Giuseppe: python - a (presumably basic) web scraping of http://www.ssa.gov/cgi-bin/popularnames.cgi in urllib -

Sunday, 15 July 2012

python - a (presumably basic) web scraping of http://www.ssa.gov/cgi-bin/popularnames.cgi in urllib -

I am very new to Python (and web scrapping). let me ask you a question.

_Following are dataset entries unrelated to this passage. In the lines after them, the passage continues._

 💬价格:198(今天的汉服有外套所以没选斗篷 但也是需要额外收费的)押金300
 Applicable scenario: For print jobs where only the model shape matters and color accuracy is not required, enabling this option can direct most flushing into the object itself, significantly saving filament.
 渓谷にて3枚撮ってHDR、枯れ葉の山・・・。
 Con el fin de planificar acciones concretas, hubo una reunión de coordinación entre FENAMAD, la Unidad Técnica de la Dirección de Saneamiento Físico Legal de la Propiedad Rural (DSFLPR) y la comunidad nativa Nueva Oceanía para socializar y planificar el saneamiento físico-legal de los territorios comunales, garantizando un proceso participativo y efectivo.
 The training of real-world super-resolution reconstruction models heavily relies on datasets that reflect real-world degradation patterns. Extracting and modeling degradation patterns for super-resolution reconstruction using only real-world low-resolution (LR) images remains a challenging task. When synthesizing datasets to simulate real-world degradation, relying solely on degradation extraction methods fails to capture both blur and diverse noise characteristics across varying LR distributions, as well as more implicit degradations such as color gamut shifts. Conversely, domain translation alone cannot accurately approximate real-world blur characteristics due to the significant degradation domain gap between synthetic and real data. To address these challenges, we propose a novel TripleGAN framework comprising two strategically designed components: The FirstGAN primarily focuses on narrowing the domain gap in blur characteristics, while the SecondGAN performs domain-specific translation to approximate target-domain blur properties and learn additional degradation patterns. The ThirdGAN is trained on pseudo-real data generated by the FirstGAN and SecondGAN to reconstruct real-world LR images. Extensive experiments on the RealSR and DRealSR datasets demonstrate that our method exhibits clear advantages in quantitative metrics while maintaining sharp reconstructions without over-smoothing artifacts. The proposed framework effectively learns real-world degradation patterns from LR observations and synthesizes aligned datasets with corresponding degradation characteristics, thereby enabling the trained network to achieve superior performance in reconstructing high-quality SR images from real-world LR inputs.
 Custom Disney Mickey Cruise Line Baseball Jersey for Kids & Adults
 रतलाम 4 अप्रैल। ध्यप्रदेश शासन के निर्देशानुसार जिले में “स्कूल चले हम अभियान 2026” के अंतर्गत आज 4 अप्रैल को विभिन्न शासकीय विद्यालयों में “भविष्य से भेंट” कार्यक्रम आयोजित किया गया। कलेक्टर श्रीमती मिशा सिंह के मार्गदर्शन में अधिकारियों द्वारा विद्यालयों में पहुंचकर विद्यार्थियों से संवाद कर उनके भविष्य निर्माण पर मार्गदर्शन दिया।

Many websites do not actually report their specific URLs in Firefox or other browsers. For example, popular child names are shown with ranks (since 1880) in the Social Security Administrator, but when I The year changes from 1880 to 1881, then the URL does not change. It is consistent,

Because I do not know the specific URL, I could not download the webpage using urlib.

The source of this page includes:

input type = "text" name = "year" id = "yob" size = "4" value = " 1880 "& gt;

It seems that, if I can control this "year" value (e.g., "1881" or "1991"), I can deal with this problem. Huh? I still do not know how to do it.

Can anyone tell me the solution for this?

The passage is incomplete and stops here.